November 2, 2009 at 8:55 pm Leave a comment

100. Should There Be Zoos? A Persuasive Text by Tony Stead with Judy Ballester and her fourth grade class

should there be zoosRetell: A collection of persuasive, well-researched essays that explore whether or not we should have zoos.  The anthology includes a glossary and a description of the process they went through to write the book.

Topics: zoos, persuasive text, arguments, endangered species, reintroduction

Units of Study: Content-Area, Personal Essay

Tribes: mutual respect

Habits of Mind: thinking and communicating with clarity and precision

Writing Skills: defining a word within a sentence, incorporating precise vocabulary, developing a persuasive voice

My Thoughts: Though the unit is a month away, my school’s literacy coach and I are beginning to collect mentor texts for the personal essay unit.  Here is a text that you could use for either Personal Essay or Content-Area writing.  The essays not only make good mentor texts but the description of the writing process is important to share with students as they embark on an essay unit.  The authors included ten steps to writing a persuasive text.  I’m particularly found of number eight: “After doing lots of reading, observing, and note-taking, we put our new information into our arguments to make them stronger.  We constantly conferenced with our teachers.”

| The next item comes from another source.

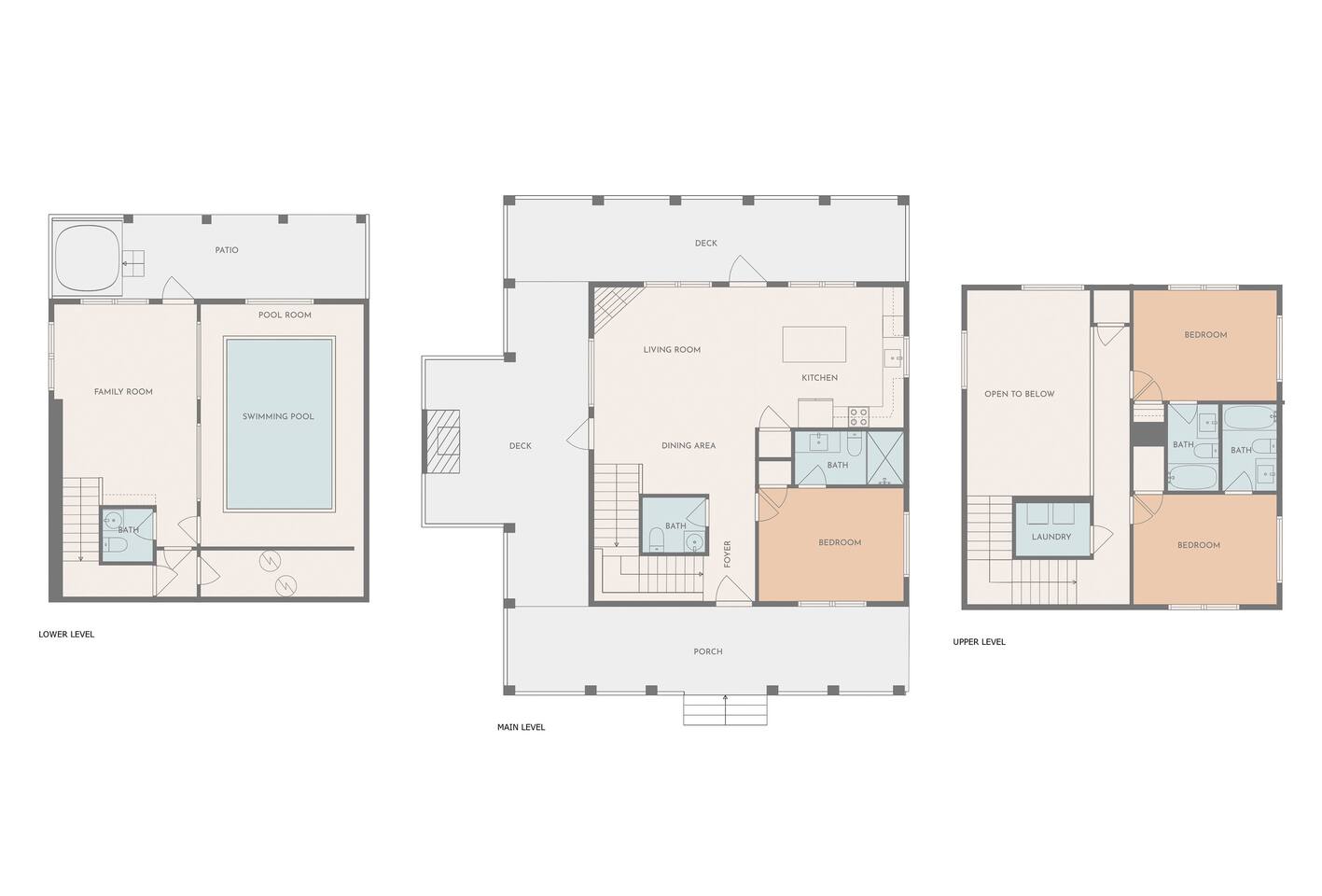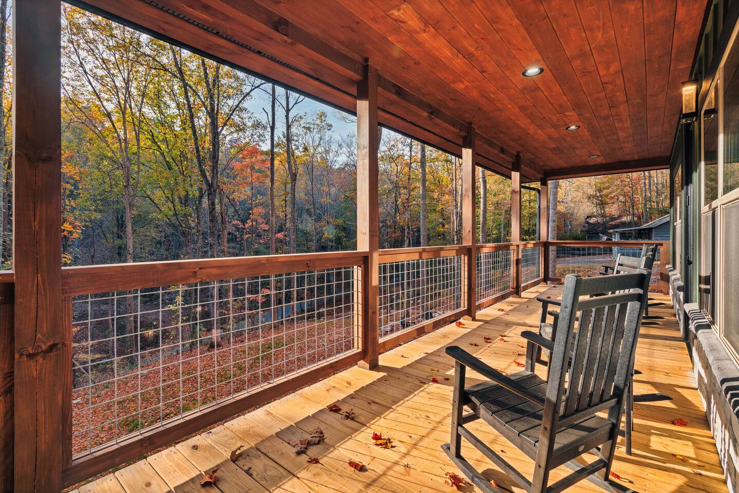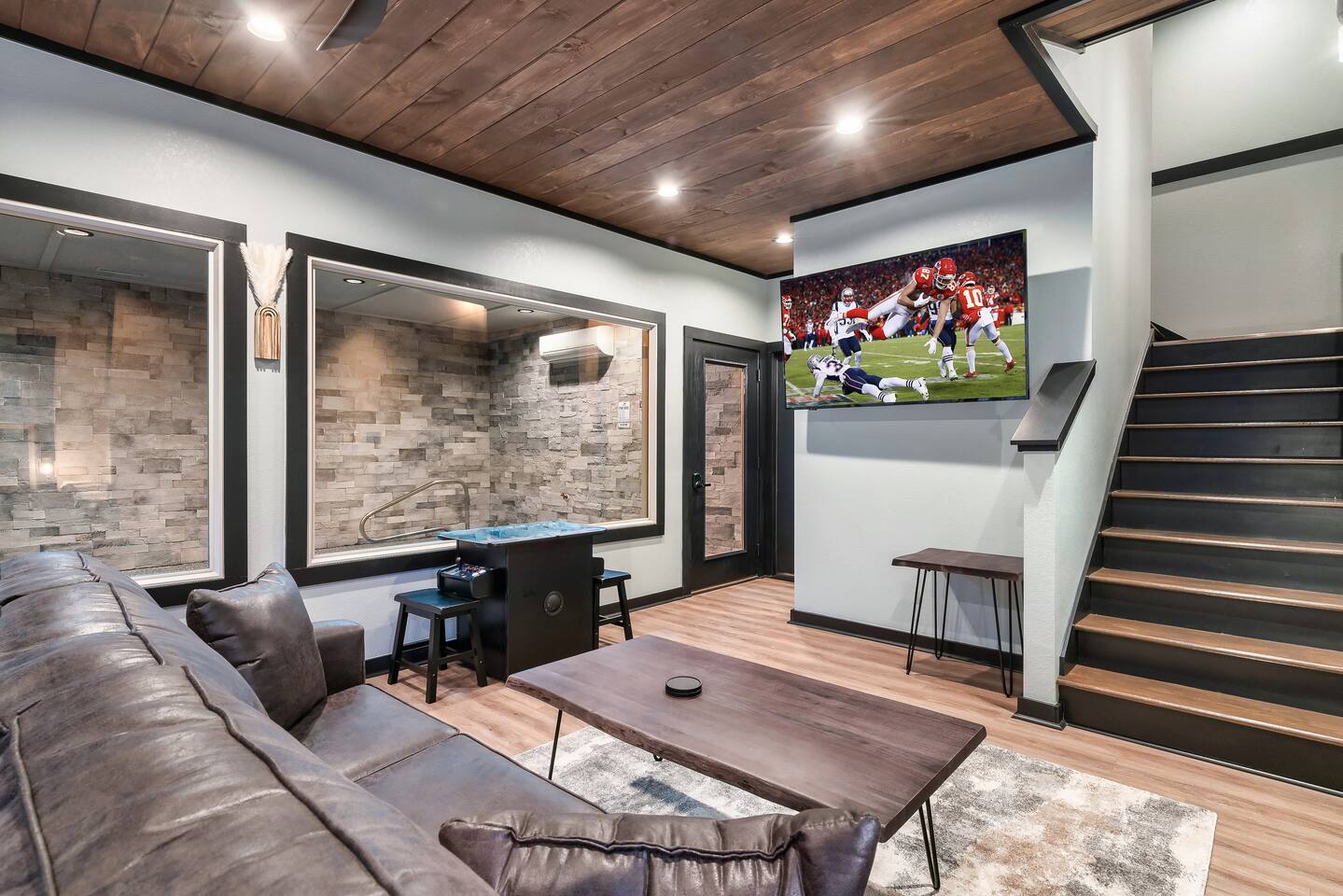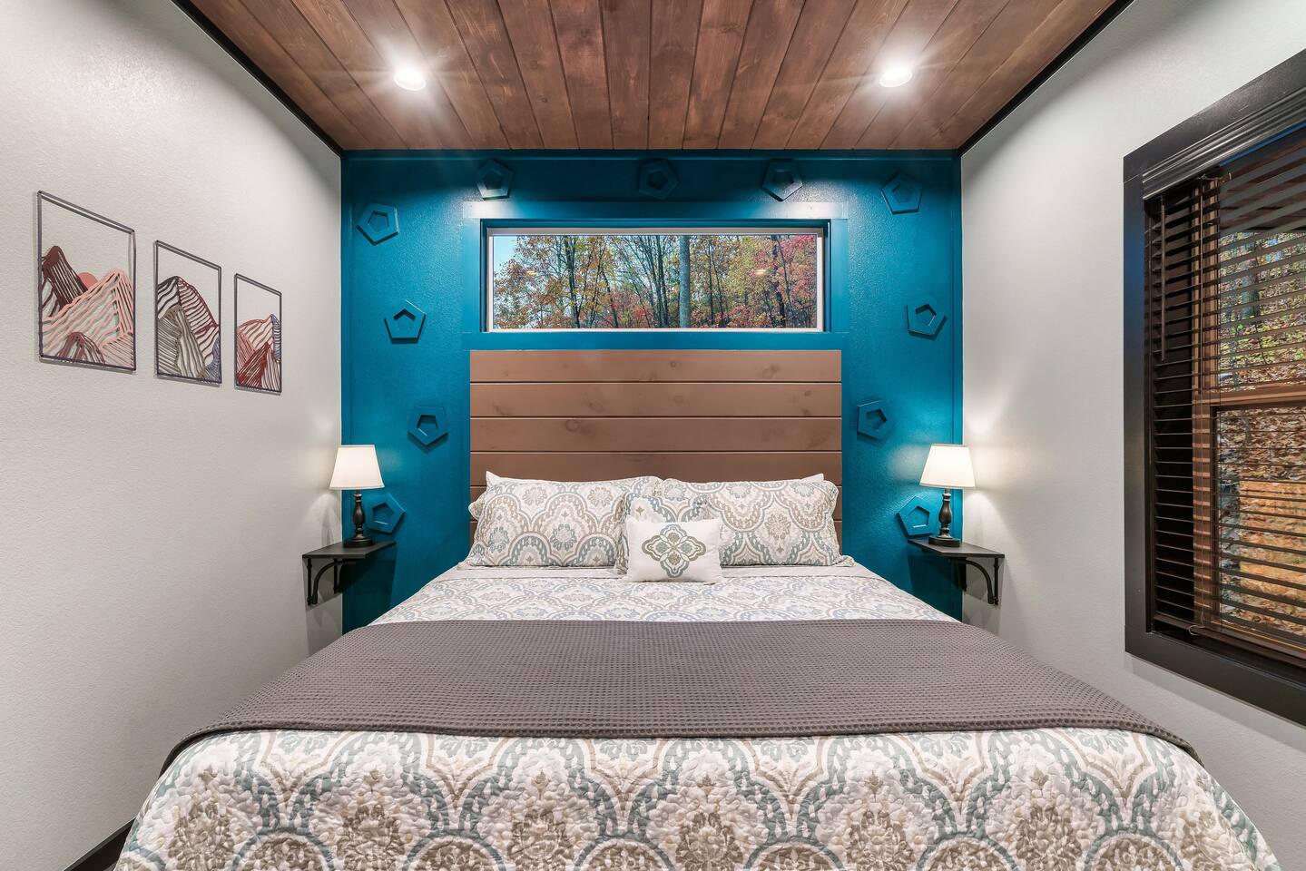 Welcome to Bluff Mountain Retreat - Our newly constructed modern cabin, nestled on a serene 2-acre wooded lot in Sevierville, Tennessee. Located less than 5 miles from the heart of Pigeon Forge, this retreat strikes the perfect balance—close enough to enjoy all the action, yet far enough away to provide a peaceful, quiet escape. The cabin features three spacious bedrooms, each with king beds and en suite baths. The main level bedroom is designed for accessibility, making it suitable for everyone. Additionally, there are two pull-out sofas, one on the main floor and one on the bottom floor, conveniently located next to the air hockey game and arcade game table, providing extra sleeping space and entertainment options. A spacious laundry room is conveniently located on the top level. Enjoy the indoor pool on the bottom level and unwind in the outdoor hot tub, which is situated near the fire pit. The outdoor living area offers a cozy setting for relaxation with its owner fireplace and big screen TV. The cabin is equipped with six smart televisions located throughout the house for your entertainment needs. The property includes Wi-Fi to keep you connected during your stay. For added convenience, the cabin features an electric vehicle charger and is just 6 miles from Kroger and Publix grocery stores. The nearest gas station and Whaley's Country Store are both located just 2.5 miles away, making it easy to meet any additional needs during your visit. Large windows in every room allow natural light to fill the space and offer stunning views of the beautiful surroundings. Whether you are looking to explore the Great Smoky Mountains or simply relax in a tranquil setting, our cabin is the ideal destination for your next getaway. *10 miles to Dollywood *6 miles to The Island In Pigeon Forge *7 miles to The Titanic Museum In Pigeon Forge *12.5 miles to the Gatlinburg Welcome Center *15 miles to Anakeesta *15 miles to Ripley's Aquarium of the Smokies *17 Miles to Ober Mountain - Large, heated indoor pool with giant Baja Shelf for kids to play - Brand new, 4-person hot tub - Real wood-burning fireplace outside and electric fireplace inside - Giant, wood-burning fire pit just off the lower deck We can't wait for you to call Bluff Mountain Retreat home!

October 6, 2009 at 8:30 pm Leave a comment

94. This Land is Your Land by Woody Guthrie, Paintings by Kathy Jakobsen

this land is your landRetell: Woody Guthrie’s famous song in picture book form.  The book includes a tribute by Pete Seeger and information about Guthrie’s life.

Topics: America, Great Depression, Dust Bowl, traveling, migrant camps

Units of Study: Social Issues, Talking and Writing About Texts, Personal Essay

Tribes: mutual respect

Habits of Mind: responding with wonderment and awe

Reading Skills: interpretation, envisionment

My Thoughts: I started a ‘song of the week’ tradition in my classroom this year.  Each day while students enter the classroom and unpack we listen to a song together.  By the end of the song students are expected to have unpacked and come to the rug with their lyrics.  At the end of the week we sing the song together.  This week’s song just happens to be “This Land is Your Land”.  This morning while on my walk I passed by a bookstore which displayed the picture book version of the song in its window.  I was so pleased!  Kathy Jakobsen’s paintings compliment the lyrics well.  (She also illustrated the book, My New York.)  I can’t wait to read this to my students this week.  Seeing the pictures will help them visualize the lyrics of the song.  In the version my students sing there are three verses that are omitted.  This is one of them:

“In the shadow of the steeple I saw my people; By the relief office I seen my people; As they stood there hungry, I stood there asking, Is this land made for you and me?”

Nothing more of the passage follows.